### [Problem description]
Below are records with pictures. Reproduce exactly the lines from the line with "Aritos EarCrawler con" to the line with "2026年4月1日より、診療", inclusive, and leave each picture out.

### [Supplied entries]
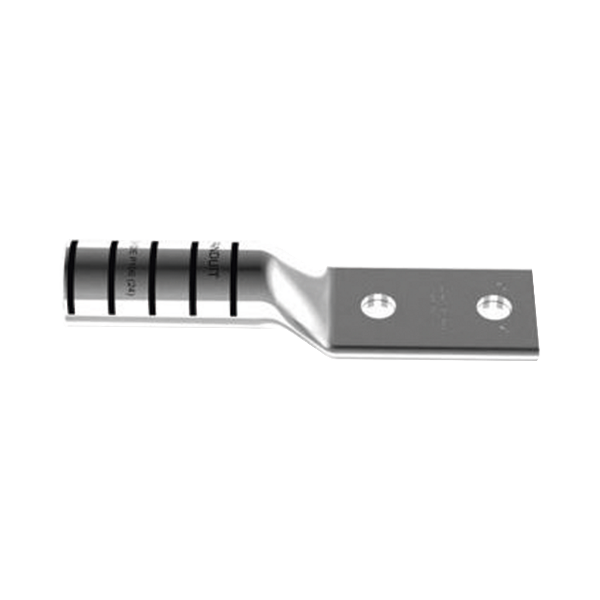 El conector Copper Lug - Two-Hole, Long Barrel está diseñado para aplicaciones eléctricas de hasta 35 kV, fabricado con tubo de cobre sin costura de alta conductividad y recubrimiento de electro-estaño. Certificado por UL y C.S.A, es apto para su uso con cables de cobre trenzado, presentando un código de color Panduit negro en el barril.
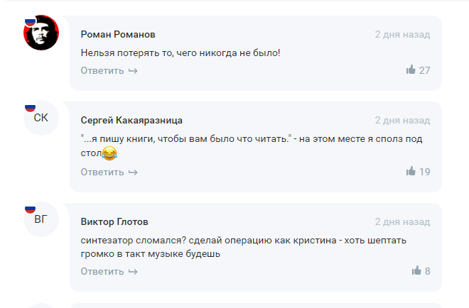 32-летняя Ольга Бузова сорвала голос. Об этом поп-певица сообщила в Instagram Stories, а в одном из постов в микроблоге отметила, что «можно услышать много интересного, если замолчать». Сразу появились первые комментарии от "поклонников" Голос знаменитости в течение последних суток сильно изменился. Ольга сообщала, что ей сложно говорить. Звезда также не помнит, когда в последний раз нормально отдыхала. "Плохо спала и вообще не помню, когда я спала и высыпалась. Верните мне голос. Как быстро вернуть его? Чай, наверно, горячий", — делилась Ольга. Исполнительница призналась, что пытается исправить проблему, используя советы своих подписчиков: Пью теплую воду, молочко, чай, но пока еще голос слабенький. До потери голоса Бузова выступила на открытии своего ресторана в Москве. Посетители, к слову, устроили давку, пытаясь попасть в заведение, и парализовали автомобильное движение на Цветном бульваре, где расположен ресторан. "Я создаю музыку, чтобы вам было что слушать, я создаю хор
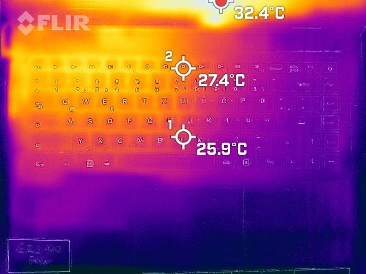 Il convertibile può convertire un massimo di 24 watt di potenza. Questa bassa potenza provoca comunque un notevole riscaldamento delle superfici del portatile. Abbiamo misurato fino a 48 °C (118,4 °F) sul lato inferiore. Poiché una piastra di rame relativamente grande dissipa il calore del processore, il case non solo è caldo in alcuni punti, ma quasi un quarto del lato inferiore del GeoFlex 140 può sviluppare una temperatura fastidiosamente elevata.
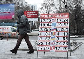 Парламентские выборы в Молдавии. Жанровая фотография. Информационное табло с курсами валют.
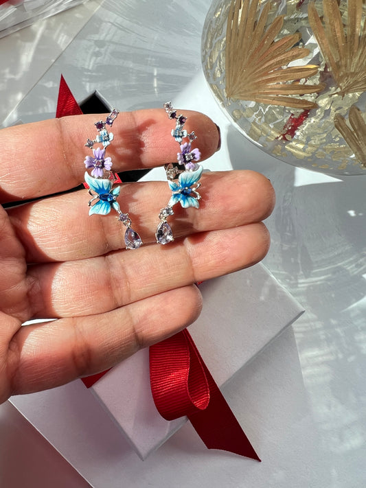 Aritos EarCrawler con Detalles de Flores y Mariposas Pintadas a Mano, Plata925
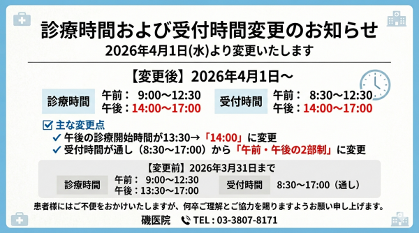 2026年4月1日より、診療時間および受付時間を下記の通り変更させていただきます。
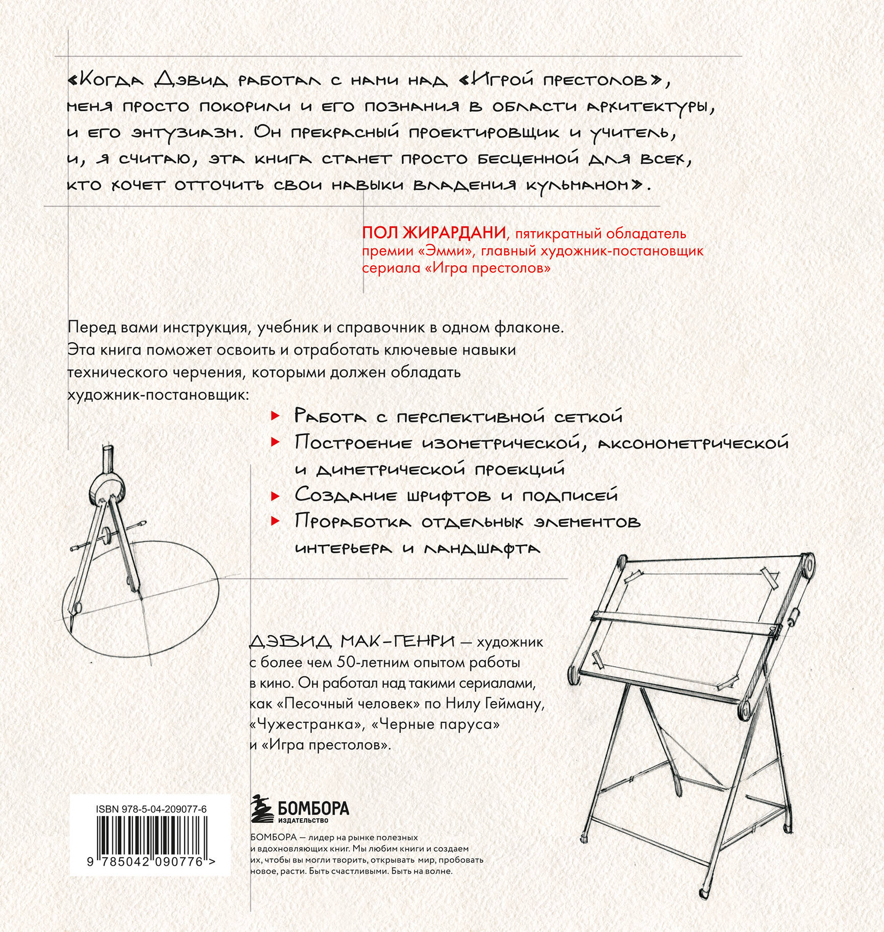 «Единственный недостаток книги "Художник в кино. Полное руководство по разработке визуальных решений для кино и сериалов" заключается в том, что, когда я учился в школе и в колледже, ее еще не было. Она обязательна к прочтению для всех начинающих художников-оформителей. Эта книга уверенно напоминает о том, как органично, с какой простотой и изяществом чертежи подкрепляют видение художника». - Джон Гари Стил, художник, «Песочный человек» (2022), «Чужестранка» (2014-20…) и «Лютер» (2023) Дэвид МакГенри - профессионал с более чем 50-летним стажем в создании визуального контента для кино и телевидения. Его новая книга, первое русскоязычное издание уникального руководства, предлагает читателям все необходимые инструменты и техники для освоения искусства ручного черчения. На страницах этого издания Дэвид, который работал над культовыми проектами, такими как «ПЕСОЧНЫЙ ЧЕЛОВЕК» и «ИГРА ПРЕСТОЛОВ», делится своим богатым опытом. Он раскрывает секреты проектирования, которые помогут вам развить навыки, необходимые для успешной карьеры в индустрии визуальных искусств. В век цифровых технологий умение рисовать от руки остается важным навыком для художников-постановщиков, декораторов, специалистов по реквизиту и даже режиссеров. Вы освоите ключевые навыки, необходимые в данной области: - Работа с перспективной сеткой. - Построение изометрической, аксонометрической и диметрической проекций. - Создание шрифтов и подписей. - Проработка отдельных элементов интерьера и ландшафта: арки, фрагменты кладки, лестницы и т.д. Ну и, конечно, выполните УПРАЖНЕНИЯ ПО ПРОЕКТИРОВАНИЮ, которые помогут отточить эти навыки. «Художник в кино. Полное руководство по разработке визуальных решений для кино и сериалов» станет вашим надежным путеводителем по всем этапам творческого процесса: от выбора правильных инструментов до создания детализированных чертежей и планов. Узнайте, как воплотить свои идеи в жизнь и превратить их в захватывающие визуальные образы!| Издательство | ООО "Издательство "Эксмо" |
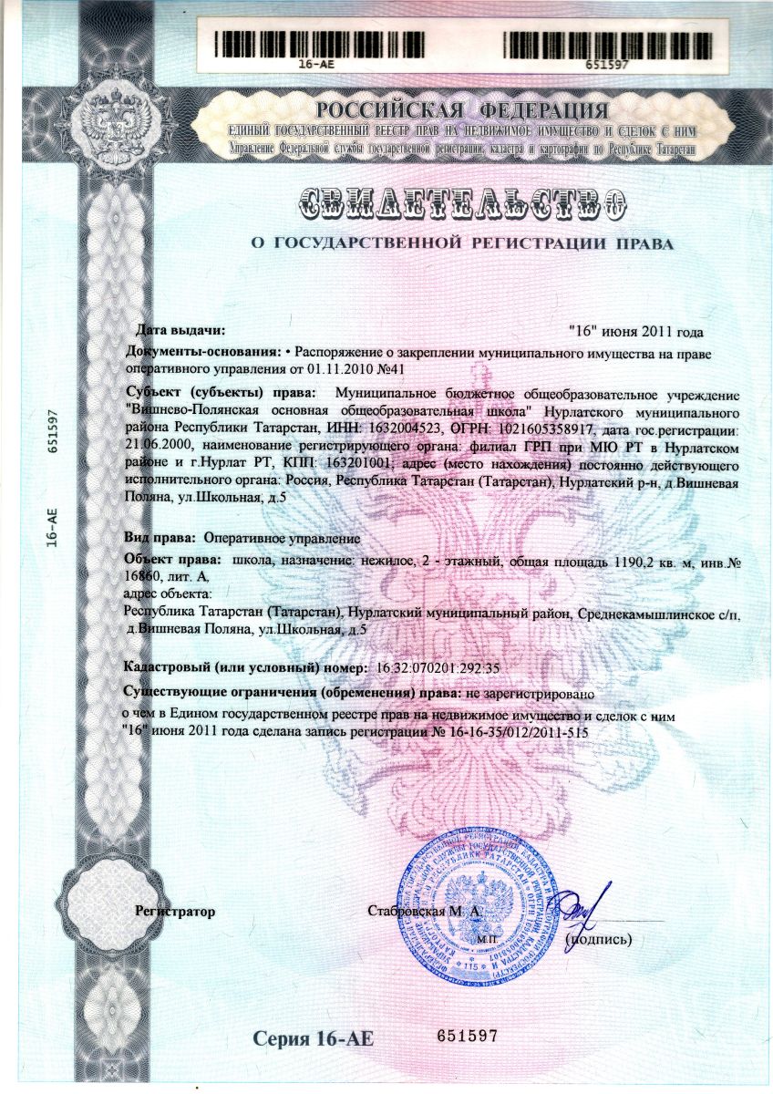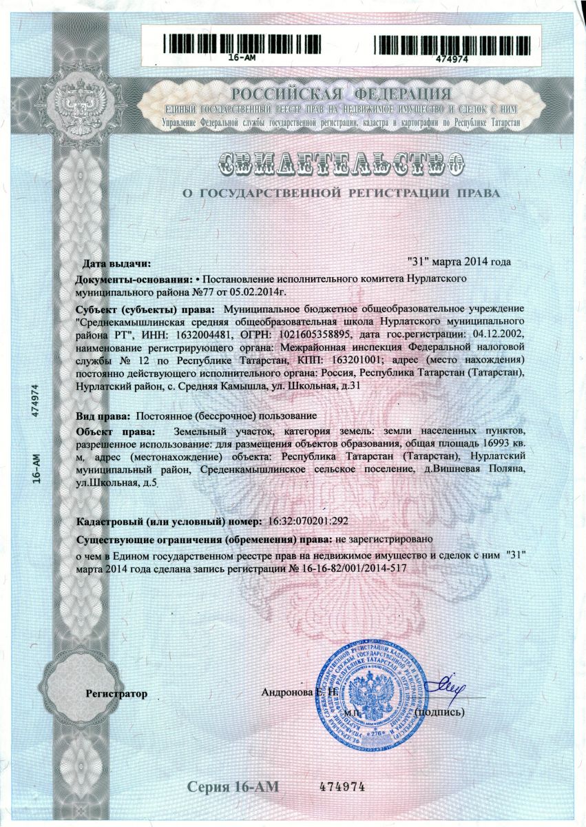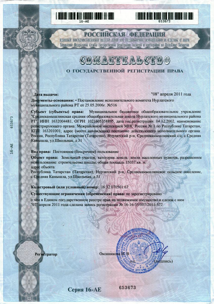 Свидетельство о государственной регистрации права на земельный участок (школа)
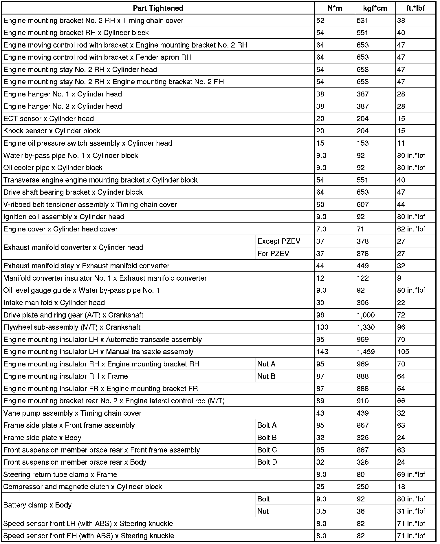 SERVICE SPECIFICATIONS: 2AZ-FE ENGINE MECHANICAL:
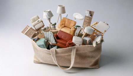 A beautifully arranged living room showcases stylish furniture and decor, all featuring sale tags for an exciting seasonal promotion.

### [Expected output]
 Aritos EarCrawler con Detalles de Flores y Mariposas Pintadas a Mano, Plata925
 2026年4月1日より、診療時間および受付時間を下記の通り変更させていただきます。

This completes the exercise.